▸ RECORD EXTRACTS
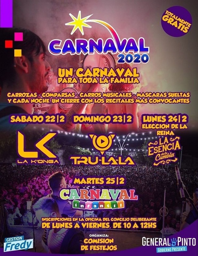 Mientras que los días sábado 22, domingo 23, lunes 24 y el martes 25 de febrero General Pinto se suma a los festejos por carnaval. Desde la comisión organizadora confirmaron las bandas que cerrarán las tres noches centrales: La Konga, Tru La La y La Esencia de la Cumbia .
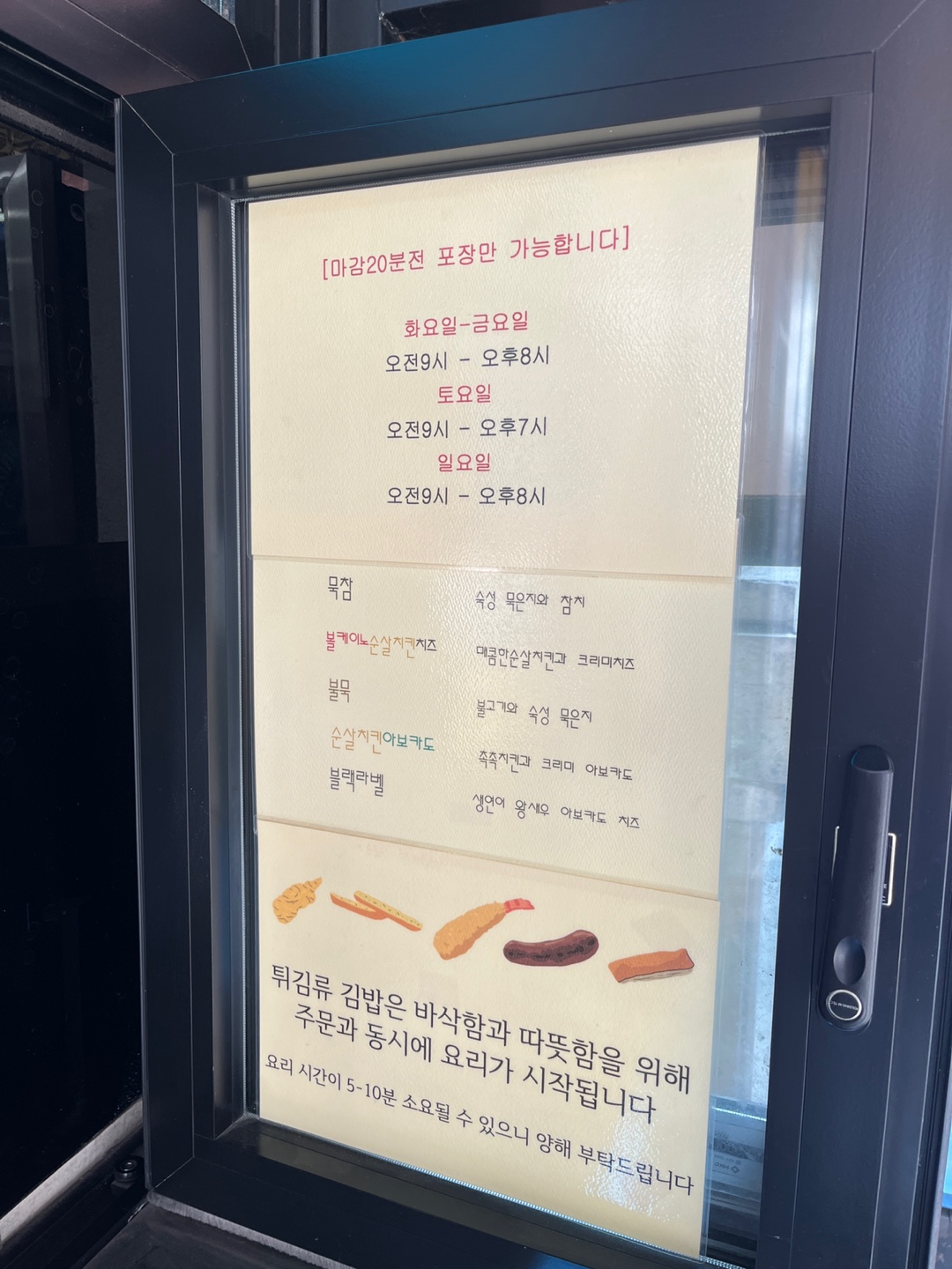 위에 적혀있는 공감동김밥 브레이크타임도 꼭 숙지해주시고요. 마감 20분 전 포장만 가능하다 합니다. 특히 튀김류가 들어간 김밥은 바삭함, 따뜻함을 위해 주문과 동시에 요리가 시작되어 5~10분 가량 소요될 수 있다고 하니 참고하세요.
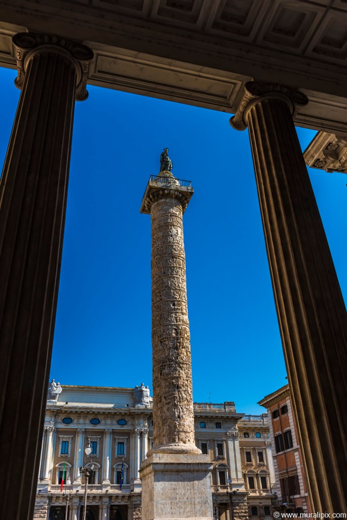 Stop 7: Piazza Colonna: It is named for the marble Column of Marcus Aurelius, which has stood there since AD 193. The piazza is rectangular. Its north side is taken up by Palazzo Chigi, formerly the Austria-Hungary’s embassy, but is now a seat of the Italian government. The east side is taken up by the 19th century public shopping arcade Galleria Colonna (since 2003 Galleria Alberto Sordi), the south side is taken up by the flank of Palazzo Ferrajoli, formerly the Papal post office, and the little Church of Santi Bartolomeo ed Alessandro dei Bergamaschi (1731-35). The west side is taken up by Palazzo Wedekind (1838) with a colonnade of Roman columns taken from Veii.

---

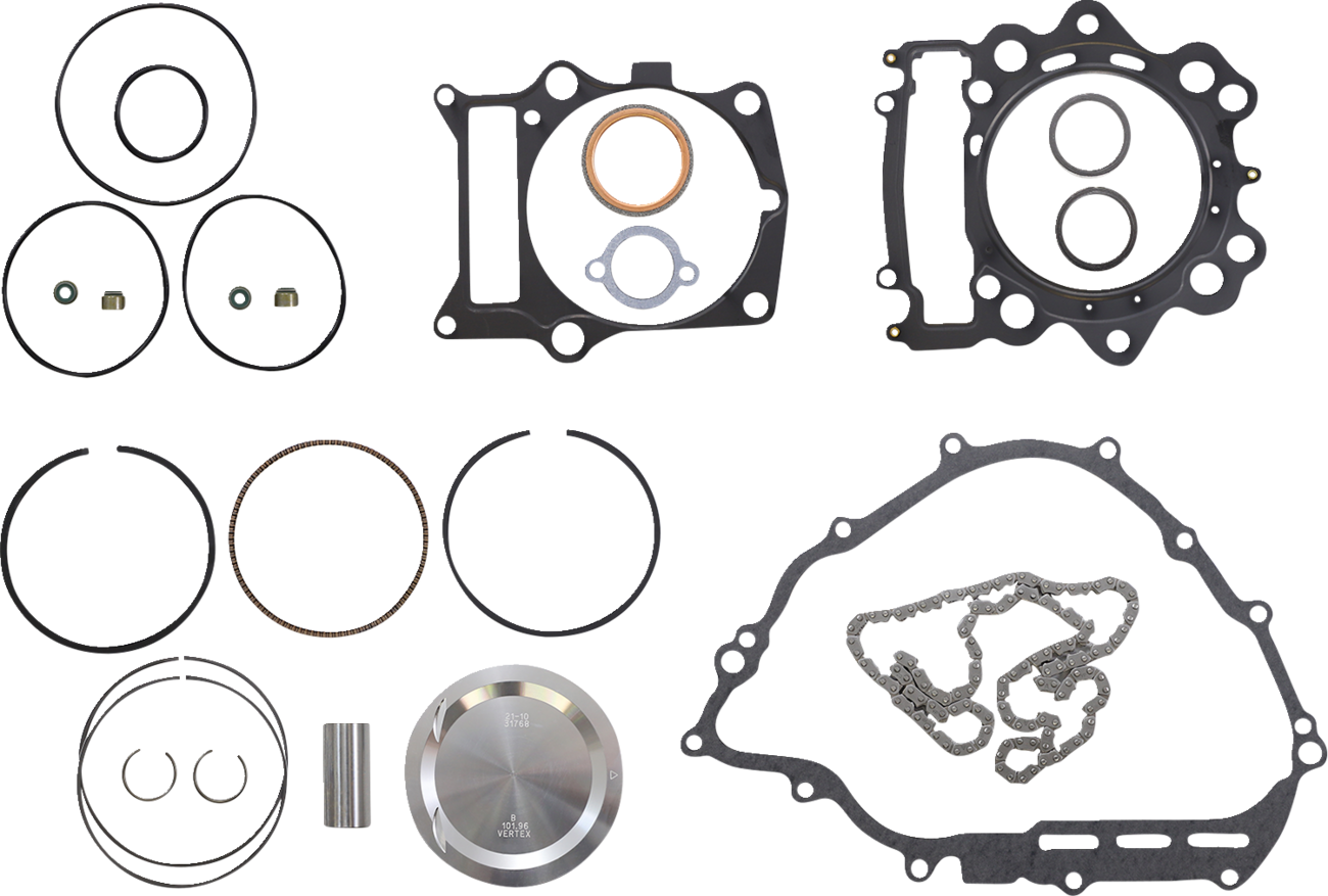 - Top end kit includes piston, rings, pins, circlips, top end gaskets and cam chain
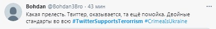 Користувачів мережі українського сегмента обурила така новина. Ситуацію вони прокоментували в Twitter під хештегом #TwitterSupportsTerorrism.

▸ ABOUT THIS EXERCISE
Look above for the line with "Mientras que los", then give again exactly every line from there through the line with "Stop 7: Piazza", skipping the pictures.

▸ RESPONSE BOX
 Mientras que los días sábado 22, domingo 23, lunes 24 y el martes 25 de febrero General Pinto se suma a los festejos por carnaval. Desde la comisión organizadora confirmaron las bandas que cerrarán las tres noches centrales: La Konga, Tru La La y La Esencia de la Cumbia .
 위에 적혀있는 공감동김밥 브레이크타임도 꼭 숙지해주시고요. 마감 20분 전 포장만 가능하다 합니다. 특히 튀김류가 들어간 김밥은 바삭함, 따뜻함을 위해 주문과 동시에 요리가 시작되어 5~10분 가량 소요될 수 있다고 하니 참고하세요.
 Stop 7: Piazza Colonna: It is named for the marble Column of Marcus Aurelius, which has stood there since AD 193. The piazza is rectangular. Its north side is taken up by Palazzo Chigi, formerly the Austria-Hungary’s embassy, but is now a seat of the Italian government. The east side is taken up by the 19th century public shopping arcade Galleria Colonna (since 2003 Galleria Alberto Sordi), the south side is taken up by the flank of Palazzo Ferrajoli, formerly the Papal post office, and the little Church of Santi Bartolomeo ed Alessandro dei Bergamaschi (1731-35). The west side is taken up by Palazzo Wedekind (1838) with a colonnade of Roman columns taken from Veii.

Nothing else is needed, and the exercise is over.